A crisis of attention can happen anytime you don’t allow yourself a break — when you don’t allow your mind to “rest” without having any task-at-hand. Remember our distinction between mind-wandering (having off-task thoughts during a task) and daydreaming (task-free spontaneous thought and opportunity for conscious reflection, creativity, and the like)? Well, one problem today is that we are always engaged in something. With these digital tools at our fingertips, we have constant access to all these forms of communication, content, and interaction, and we don’t tend to gravitate toward letting our thoughts meander, unconstrained. Of the two types of spontaneous thought we discussed earlier, it’s the beneficial type — the daydreaming — that we barely get at all. When was the last time you stood in line at a store and just… looked around? Thought about whatever surfaced in your mind? Or did you pull out your phone, check your texts, read your email?

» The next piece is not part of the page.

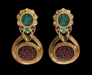 3442. Clips d'oreilles sertis d'intailles en agate verte et cornaline

We all do it. I catch myself all the time, going from one type of mental engagement to the next. I call it hypertasking. Like surfing hyperlinks online (clicking from link to link as they grab your attention), we go from one task to the next and the next. You are probably doing it right now. We are “all task and no downtime.” And we’re asking an enormous amount — too much — from our attention systems. Your attentional capacity is not less than someone’s from hundreds of years ago. It’s only that right now, you’re using your attention in a particular focused way, all the time. We’re taxing our focused attention to the max. Hypertasking is hyper-taxing! Even something you might think of as relaxing (scrolling through Instagram, for example, or reading an article someone shared) is more engagement. It’s another task. Checking your notifications may seem “fun,” but it’s work for your attention. Task: check to see who posted what in response to my post. Task: check how many likes I got. Task: check who shared my funny meme. Your attention was focused on task after task after task, with no attentional downtime, not a moment for the mind to roam free.

It’s not always realistic to unplug. We can’t just turn off our phones and pause our email. We cannot create a distraction-free world. The issue is not the existence of this technology; rather, it’s how we’re using it: we are not allowing our minds to pay attention differently. And this is where mindfulness comes in, as a way to steady your flashlight so you don’t end up swinging it around at any and all possible distractions — digital or not.